The failure to routinely achieve replicability in computational neuroscience (probably in computational science in general, see Donoho et al., 2009 [1]) has important implications for both the credibility of the field and for its rate of progress (since reuse of existing code is fundamental to good software engineering). For individual researchers, as the example of ModelDB has shown, sharing reliable code enhances reputation and leads to increased impact.

In this tutorial we will identify the reasons for the difficulties often encountered in organizing and handling data, sharing work in a collaboration, and performing manageable, reproducible yet complex computational experiments and data analyses. We will also discuss best practices for making our work more reliable and more easily reproducible by ourselves and others -- without adding a huge burden to either our day-to-day research or the publication process.

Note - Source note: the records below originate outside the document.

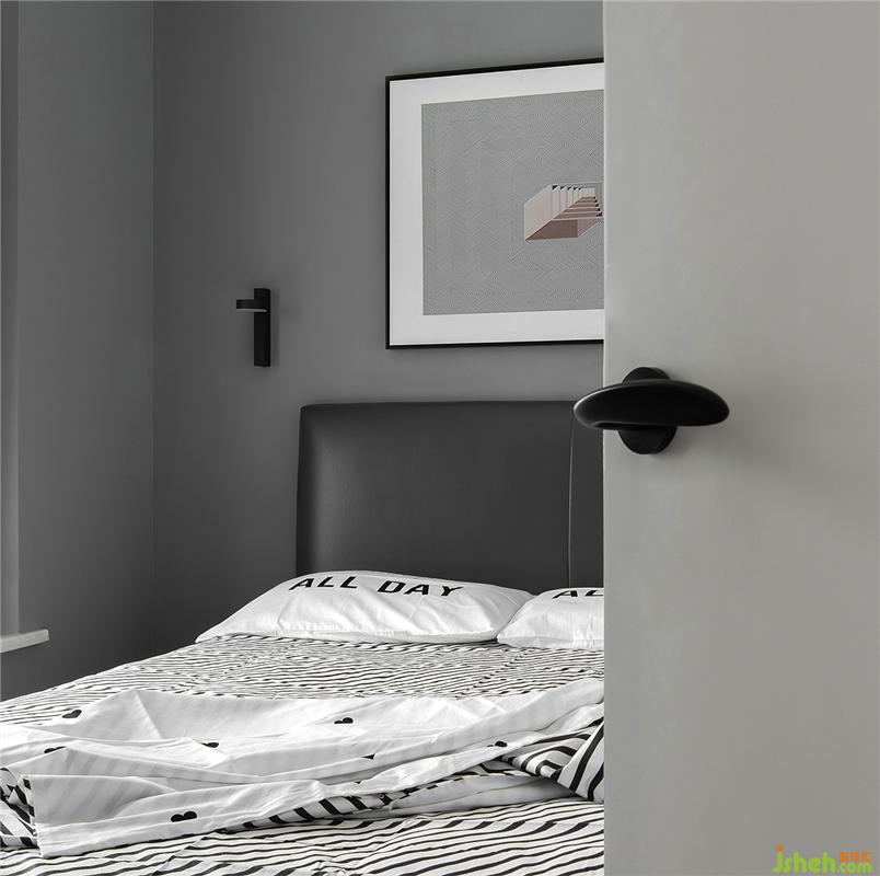 卧室空间尺度局促,调整门洞位置,侧面设计满墙储物柜,最大限度增加收纳。
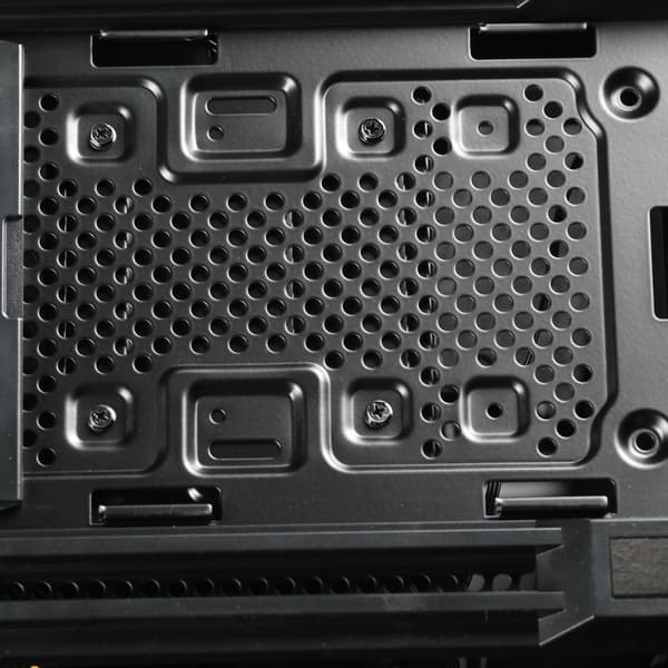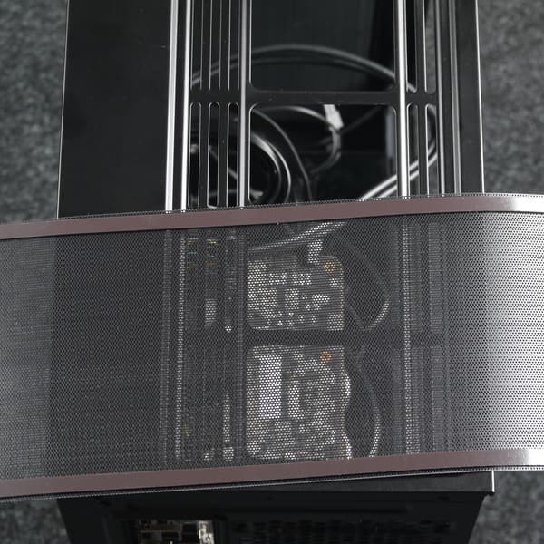 Верхняя стенка у корпуса весьма оригинальная. Если снять фильтр, то перед нами предстает просто монтажная панель для установки компонентов системы охлаждения.
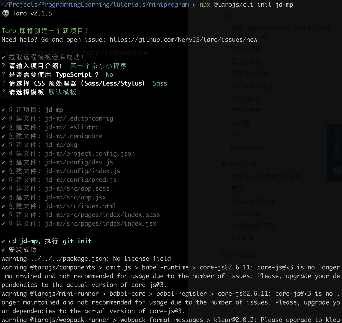 创建项目 jd-mp 成功!
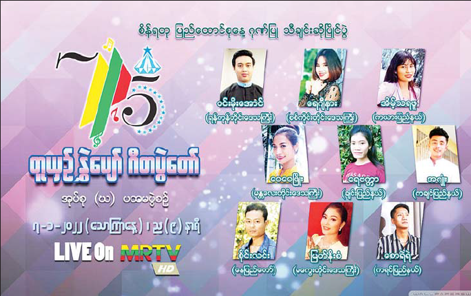 စိန်ရတု ပြည်ထောင်စုနေ့ကို ဂုဏ်ပြုသောအားဖြင့် “တူယှဉ် နွှဲပျော် ဂီတပွဲတော်” သီချင်းဆို ပြိုင်ပွဲ အုပ်စု(၄) ပထမပွဲစဉ်ကို ဇန်နဝါရီ ၇ ရက် (သောကြာနေ့) ညတွင် မြန်မာ့အသံနှင့်ရုပ်မြင် သံကြားမှတိုက်ရိုက် Liveရိုက်ကူး ထုတ်လွှင့်မည်။
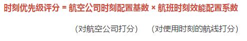 第三,明确每家公司每条航线的时刻选择排序。这才是核心。怎么定量的呢,?很科学,先对人(航空公司),再对事(申请的航线),不得不说,人、事分开打分,既讲道理,也很有新意。先上个公式。

We will cover a number of tools that can facilitate a reproducible workflow and allow tracking the provenance of results from a published article back through intermediate analysis stages to the original data, models, and/or simulations. The tools that will be covered include Git_, Mercurial_, Sumatra_, VisTrails_, odML_, Neo_. Furthermore, we will highlight strategies to validate the correctness, reliability and limits of novel concepts and codes when designing computational analysis approaches (e.g., [2-4]).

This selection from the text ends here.